Des hurlements avait ébranlé les vieilles pierres toute la nuit durant. Et la rumeur comme quoi une créature fabuleuse était arrivée s'était répandue comme une traînée de poudre. De la même façon, on avait appris que la-dite créature serait présentée aux rois sous peu. Dans la matinée probablement.
On se pressait donc dans le couloir principal menant à la salle du trône, dans l'espoir d'apercevoir l'humain -un humain vraiment ? Oui mais un spécial. Les gardes vampires ne firent pas cas de la foule – les courtisans, plutôt discrets en général, était la petite aristocratie vampire.

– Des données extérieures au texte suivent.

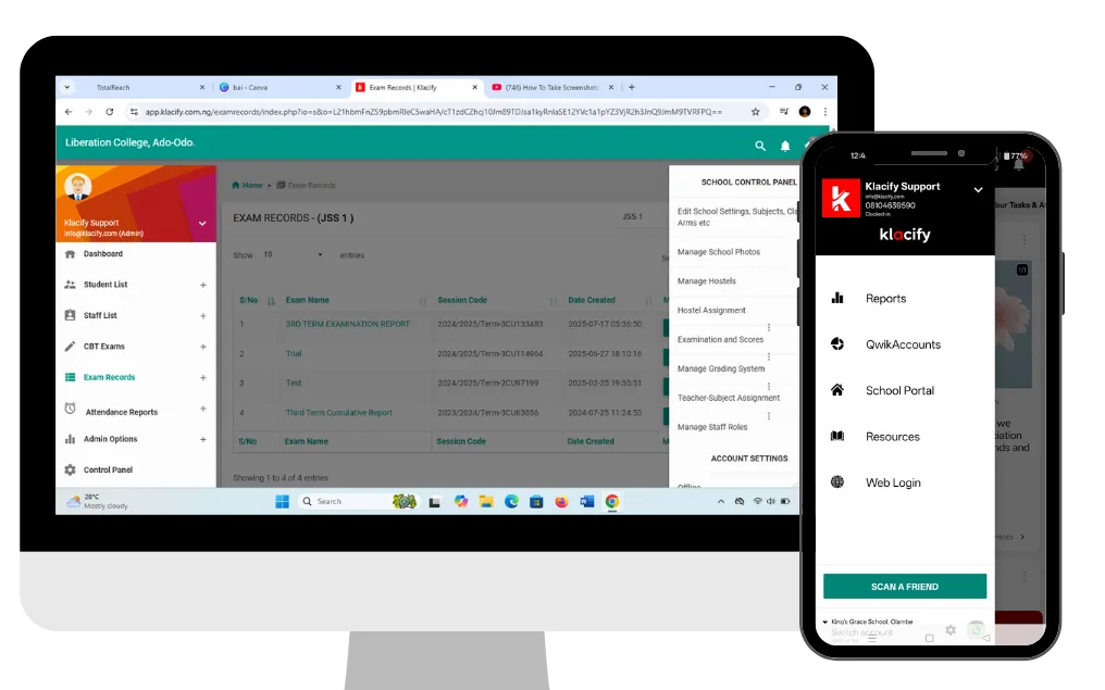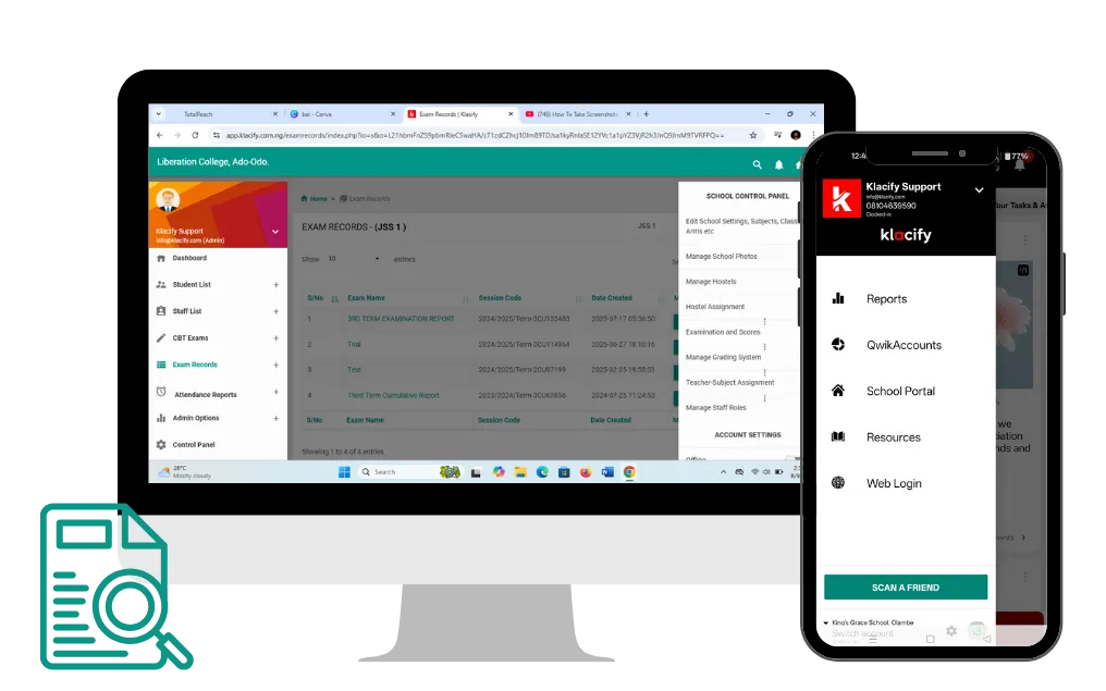 With Klacify, you can manage your entire school — monitor teachers, track attendance, conduct CBT, track fee payment, process results, and engage parents — right from your mobile phone. No IT skills needed. You simply focus on what matters most – growing your school.

Et en tant qu'immortels égoïstes, la moindre distraction était la bienvenue et les rois ne faisaient pas exception à la règle - du moins Aro. Aussi était-il ravi de pouvoir exposer sa nouvelle trouvaille à son peuple.
Les vampires pouvaient s'avérer de vrais commères, une caractéristique encore amplifiée par les siècles vécus, et leur capacité à entendre le moindre frottement à des kilomètres faisait qu'ils n'avaient pas besoin de hausser la voix, la salle ressemblait ainsi à une ruche géante emplie de bourdonnements discrets. Et lorsque le tintement métallique d'une chaîne traînée au sol retentit, tous l'entendirent.
La foule se tendit, étirant la tête pour mieux voir.
Les lourdes portes s'ouvrirent enfin, alors que la tension était à son comble.
Puis l'obscur apparut.
Des murmures stupéfait résonnèrent aussitôt dans la salle concave. Car il n'y avait plus rien de l'adolescent noiraud qui était arrivé un beau jour au milieu d'un groupe de touristes destinés à leurs crocs et qui avait miraculeusement survécu. A présent, sa peau autrefois légèrement hâlée était diaphane et ses cheveux si sombres avaient perdu leur noirceur pour un blanc éclatant. Aussi immobile qu'il est possible de l'être, il fixait résolument le vide d'un air hagard.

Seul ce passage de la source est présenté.